13 going on 30

review by rob gonsalves

director
Gary Winick

screenwriters
Cathy Yuspa
Josh Goldsmith

producers
Susan Arnold
Gina Matthews
Donna Arkoff Roth

cinematographer
Don Burgess

music
Theodore Shapiro

editor
Susan Littenberg


cast

Jennifer Garner (Jenna Rink)
Mark Ruffalo
(Matt Flamhaff)
Kathy Baker
(Beverly Rink)
Judy Greer
(Lucy)
Andy Serkis
(Richard)
Lynn Collins
(Wendy)
Shana Dowdeswell
(Young Jenna)
Jack Salvatore Jr.
(Young Matt)


mpaa rating: PG-13
running time: 100m
u.s. release: April 23, 2004
video availability: TBA
official website


Jennifer Garner, for all I know, may have demonstrated a deft comic touch in her many guises on the popular spy show Alias (haven't seen it, wouldn't know). In movies, she has typically been employed as the hottie-in-residence; her biggest prior role was the athletic assassin Elektra in Daredevil. But in 13 Going on 30, her first starring vehicle, Garner comes into her own as a spirited light comedienne. The story is essentially a distaff Big, with a few alterations, but it's a friendly, giggly movie, closer in tone to Romy and Michele's High School Reunion and the other '80s-flavored comedies of the late '90s. I saw girls leaving the screening who weren't even born yet when "Love Is a Battlefield," one of the film's central nostalgia trips, was big. Made me feel old.

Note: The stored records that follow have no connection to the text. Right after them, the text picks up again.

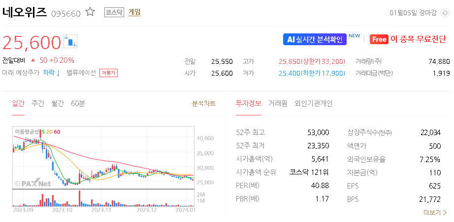 외국인 보유 비중은 7.27% 이며 장중 거래량은 169,634원 을 기록했습니다. 매출액은 2,562억 원을 달성했습니다. EPS는 3,102원이며 네오위즈 주식 배당수익률은 5,630% 입니다.
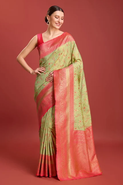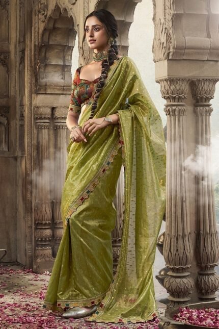 Pista Green Tissue Jacquard Zari Saree Festive Wear
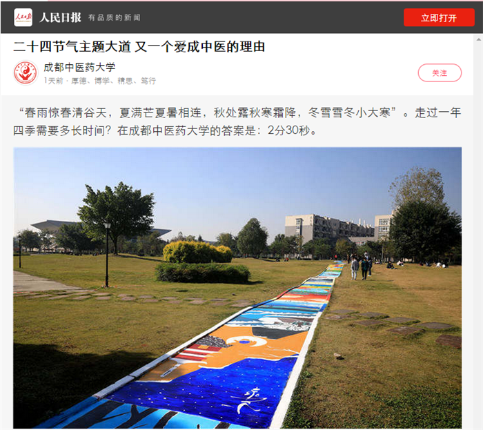日前,一条横跨学校五行大草坪,长138米,宽1.6米的校园通道被学生华丽丽地改装成“二十四节气”文化主题大道,立即成为校园最吸睛的景点。主题大道被分作26块,由西向东,每个节气为一副独立的创意画,24个节气有序衔接,风格多变,内容精致,另有序言后记首尾呼应。
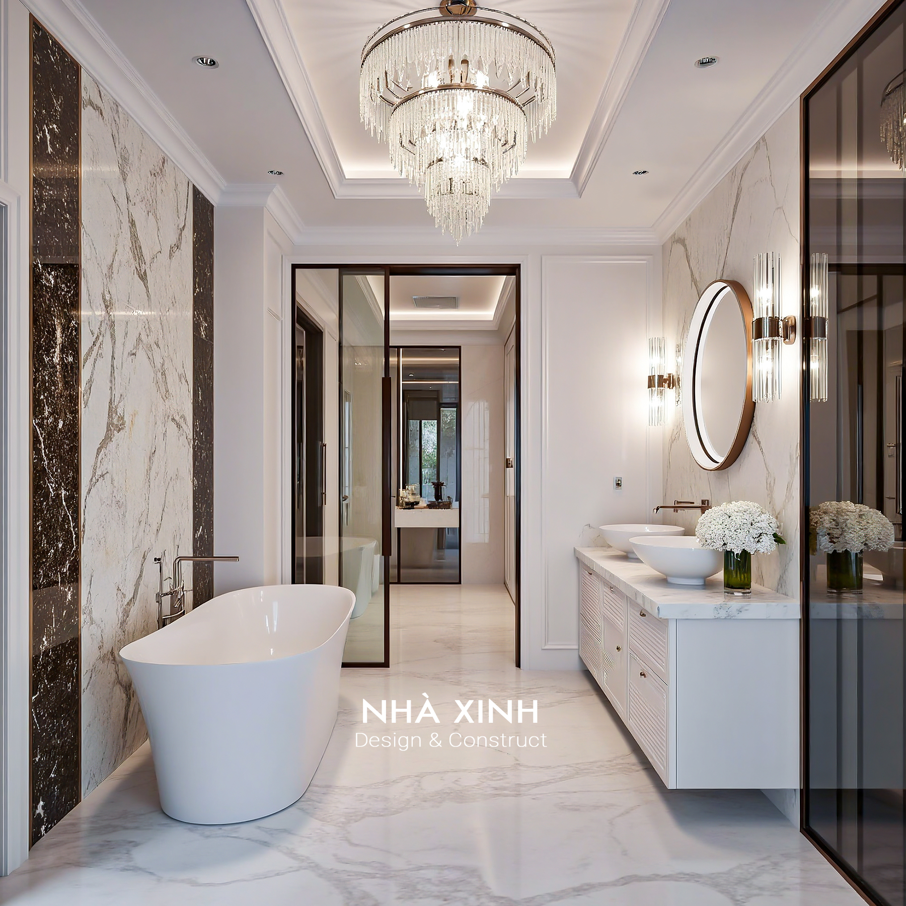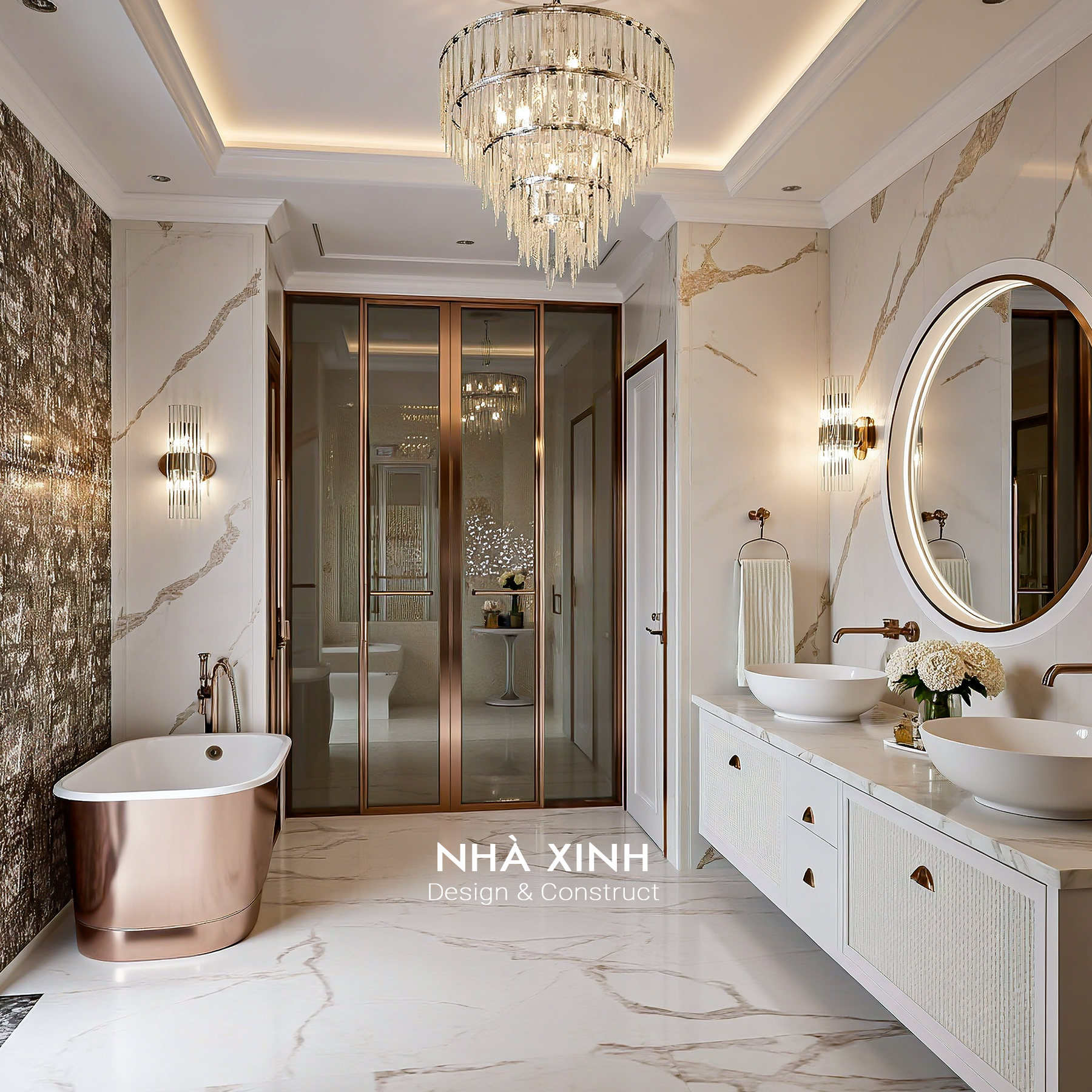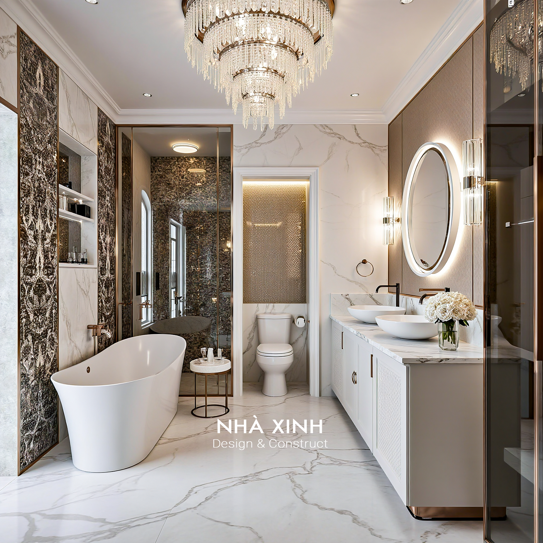 Biệt thự sử dụng đá marble nhập khẩu, gỗ óc chó Bắc Mỹ và kim loại mạ vàng cho các chi tiết trang trí. Sự kết hợp này vừa đảm bảo độ bền, vừa nâng tầm đẳng cấp tổng thể công trình.
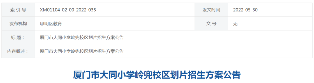 如果《2022廈門市大同小學(xué)嶺兜校區(qū)招生劃片一覽表》找不到你想要的內(nèi)容,可以嘗試:
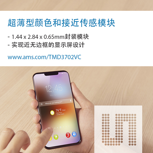艾邁斯半導體高級產品營銷經理DaveMoon表示:“如今智能手機工業設計面臨的一大趨勢是增大屏占比、將顯示屏尺寸最大化,而邊框區域的最小化則需要借助最小的模塊解決方案。TMD3702VC超小的外形尺寸有助于滿足這一需求,讓顯示屏邊框幾乎消失。TMD3702為手機設計師提供的解決方案比前一代產品縮小60%以上,可以幫助他們將分配給前置環境光和接近感應的空間最小化。”

Garner's character, Jenna, feels old, too. In 1987, her teenage self (played by Shana Dowdeswell), in the midst of a hellish thirteenth birthday, wishes she were thirty (she's seen a magazine article declaring that thirtysomethings have more fun). Sprinkled with some magic "wishing dust," Jenna wakes up in 2004, in an adult body, and in the bed she sometimes shares with a hockey player. It's as if Jenna is transported seventeen years into the future, without any knowledge of how she came to be there -- how'd she get to be a magazine editor, for instance? Since Jenna is thirty on the outside and thirteen on the inside, her situation has many levels of disorientation. After some fumbling, though, she deals with it.

Those of us who were actually there will note that the film's '80s soundtrack is a bit out of sync: In 1987, both "Love Is a Battlefield" and Jenna's other big number, Michael Jackson's "Thriller," were so five years ago, and when Jenna's best friend Matt plays a Talking Heads tune and no one recognizes it, you wonder where they've been -- it's "Burning Down the House," man. Still, the scene in which grown-up Jenna livens a dull party by requesting "Thriller," happily leading a bunch of thirtysomethings in the goofily iconic zombie dance, ranks right up there with Cameron Diaz's bubbly white-girl moves to "Baby Got Back" in the first Charlie's Angels. A radiant woman looking like she's having the time of her life makes up for a lot of inconsistencies in both soundtrack and narrative.

Jenna runs into the grown Matt (Mark Ruffalo), now a photographer, and for a while the movie goes a little soft. The script brings up the issue of how Jenna had been behaving up until her teen self claimed her body, and the picture isn't pretty; we also learn that she was cruel to Matt back in '87, and that they haven't spoken in years. Mark Ruffalo knows he's the standard-issue Nonthreatening Male here (he probably agreed to it to avoid being typecast as the Threatening Male after In the Cut), but he comes at the romance sideways, crablike, suspicious of Jenna's motives after all this time but warming to her slowly, and Garner, playing off his reticence, gets to play teenage yearning quite becomingly.

The scenes at Jenna's magazine office (with a de-Gollumized Andy Serkis in fine harried form as her editor-in-chief) fall just this side of persuasive; I'm not convinced, as the script apparently is, that Jenna's aw-shucks concept for the magazine's redesign would go over so huge with her supervisors, nor that a rival mag would find it hot enough to steal. But 13 Going on 30 isn't about that, anyway; it's about a thirty-year-old bouncing on a bed to Pat Benatar and confiding to a group of thirteen-year-olds about boys, or eating ice cream and happily sharing it with a dog in the park, or going to visit Matt on his wedding day and weeping as she holds the gift he gave her on her thirteenth birthday. Mainly, it's about Jennifer Garner redesigning herself for romantic comedy, for which, I now know, she has a natural affinity.